The percentage of steer and heifer carcasses grading Prime so far in 2020 has outpaced normal levels, according to Josh Maples, assistant professor and extension economist at Mississippi State University. The average percentage of carcasses grading Prime during the first seven months of 2020 was 10.6%, which he noted is the highest January-to-July average on record. It is also about 2% higher than the first seven months of 2019.
Maples relayed that dressed weights have also been higher during 2020. Average steer and heifer dressed weights were 899 lb. and 829 lb., respectively, during the first eight months of 2020. For steers, that was a 32 lb. increase over the same period in 2019, while it was a 25.5 lb. increase for heifers.
“Cattle dressed weights are usually seasonally lowest during late spring and then peak in late fall. In 2020, the seasonal decline in the spring did not materialize due to the processing disruptions [caused by the COVID-19 pandemic] forcing cattle to stay on feed longer,” Maples said.
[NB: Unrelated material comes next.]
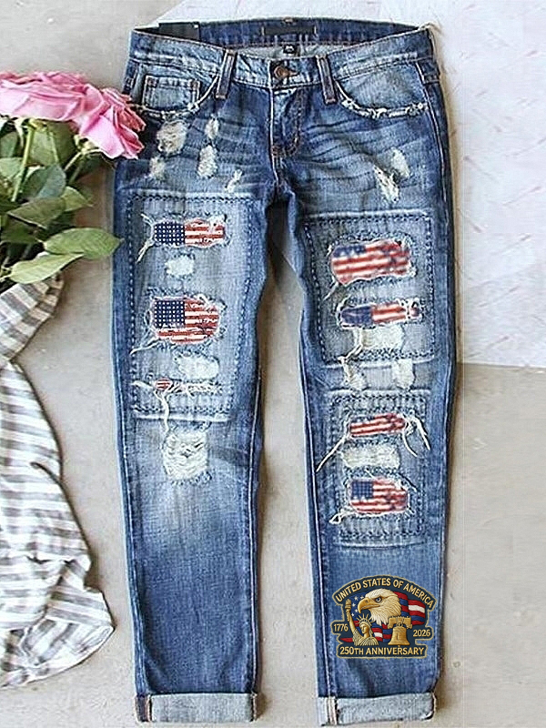 Women's Retro American Independence Day Denim Patch Printed Denim Jeans
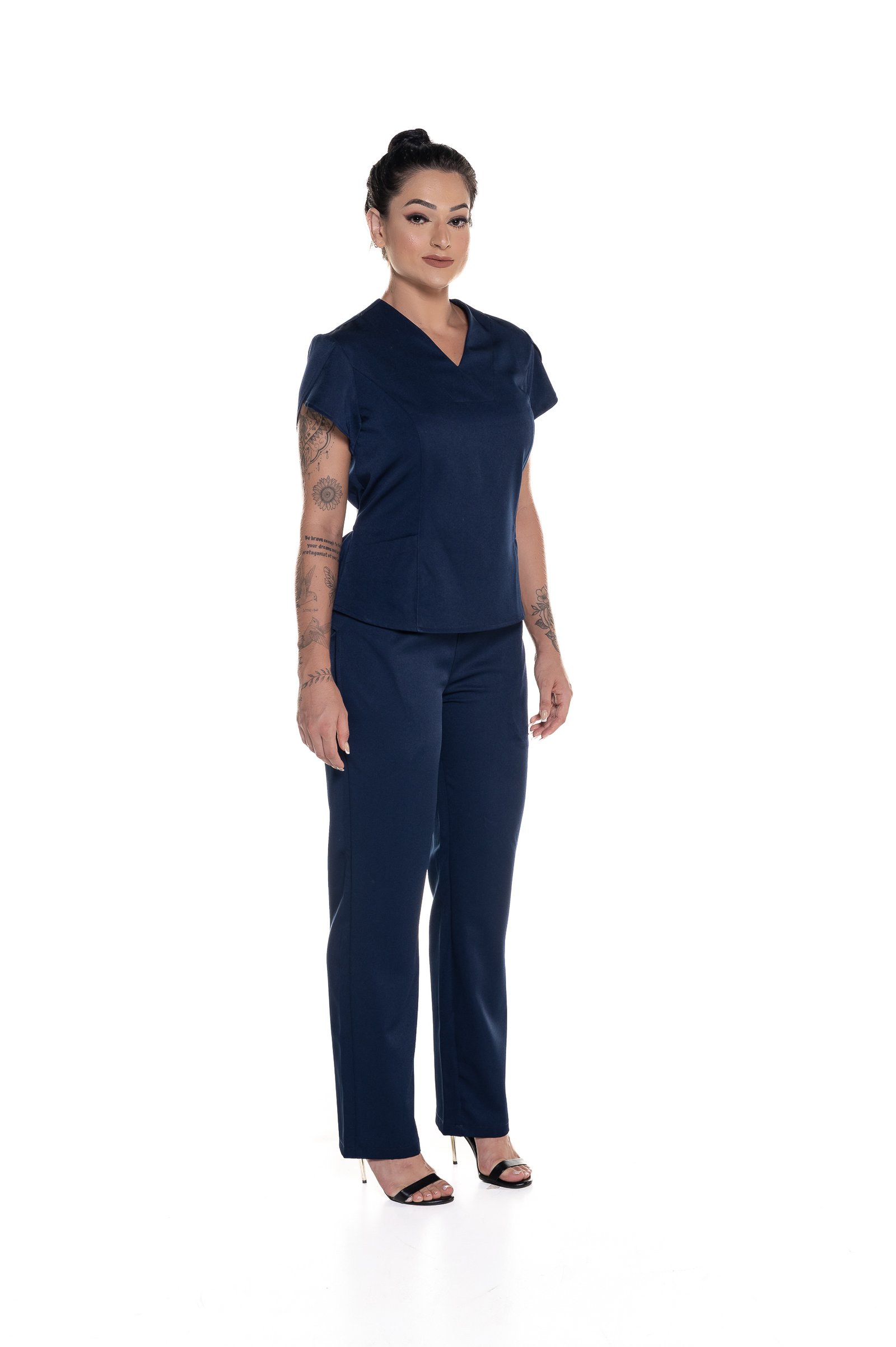A blusa possui recorte princesa e amarração nas costas, o que valoriza a silhueta e permite ajuste, além de mangas tulipa que trazem um toque delicado à peça. A calça possui cós de elástico para mais conforto durante todo o expediente e bolsos laterais embutidos.

Even before the 2020 disruptions, the percentage of cattle grading Prime was steadily increasing, he said, noting that it averaged 4.1% from 2010 through 2015 and 7.4% from 2016 to 2019. On the opposite end of the grading scale, Maples reported that the percentage of cattle grading Select has been declining, averaging 28.3% from 2010 to 2015 and 18.5% from 2016 to 2019. The Select average for the first seven months of 2020 was 14%, the lowest seven-month average on record and 3.5% lower than during the first seven months of 2019.
Meanwhile, the percentage of cattle grading Choice increased from 67.3% during 2010-15 to 74% during 2016-19 and to 75.2% in 2020 through July.
“Putting Prime and Choice together, 85.8% of cattle graded either Prime or Choice during 2020 through July. There are longer-term trends that are leading to increasing quality grades, but the percentages in 2020 have been exceptionally strong,” Maples said.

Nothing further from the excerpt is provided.